There are multiple avenues to achieve this, but ultimately I think controlled 2HE3-based Fusion generators will answer the need by mid-century. We will have commercial DT fusion in less than 20 years. But if not, quite as soon as I think, Fission could safely serve for the interim. I have worked in this field and am convinced the time is about to arrive.

PS: I am an Engineer, but have never worked in automotive industries directly. I do observe the scene though, and can detect political BS, and like Engineer-Poet, see the false concern for watermelon green, pseudo-Science distorting all the worlds technical investment.


D, thanks for an honest and interesting perspective. You do realize that at GCC you are in the belly of the beast with some of your positions...
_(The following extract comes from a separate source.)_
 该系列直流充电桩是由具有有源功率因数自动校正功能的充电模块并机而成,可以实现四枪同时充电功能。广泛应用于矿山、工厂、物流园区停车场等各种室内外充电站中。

I have personally not read about DiesOtto since the F700. It appears from your views I should have kept up.

One question for you: what is your view on electrification (such as microhybrid) to eliminate/minimize idle and to recuperate braking losses?


I think that Dr. Frank Davis at UC Davis was/is a genius and only recently recognized. He is worth more than a million blowhards like Al Gore or Ed Markey or the heads of UCS or WWF.

PHEV technology provides an answer to a question no longer is needing to be asked. That is: 'How could you maintain our civilizations Transportation network if Petroleum actually ran out?' Of course it isn't, and likely never will.

Dr. Davis showed that a fleet of Volts could be supplied with all the liquid fuel needed by simply making it from food in no larger quantities than we presently divert to that end, even if it is a government subsidized boondoggle of enormous proportions, supported by legalized thievery and extortion of funds from the taxpaying citizenry.

All forms of PHEVs are appealing to me, because they could be more efficient than our still crude ground conveyances. But the technology is still premature, redundant, and enforced by mandate before its proper time.

So I welcome all advances and improvements in efficiency from all manor of hybrids from micro through strong. Electrification has its place and may provide much of our transport hub eventually, but never all of it.

Portable liquid fuels provide compact energy in quantity and will be needed in mobile Tranportation for a very long time.


Dr. Andy Frank was turning Taurus into hybrids in the 80s. He is now with a company in Palo Alto, I wish him all the best. He has made a great contribution.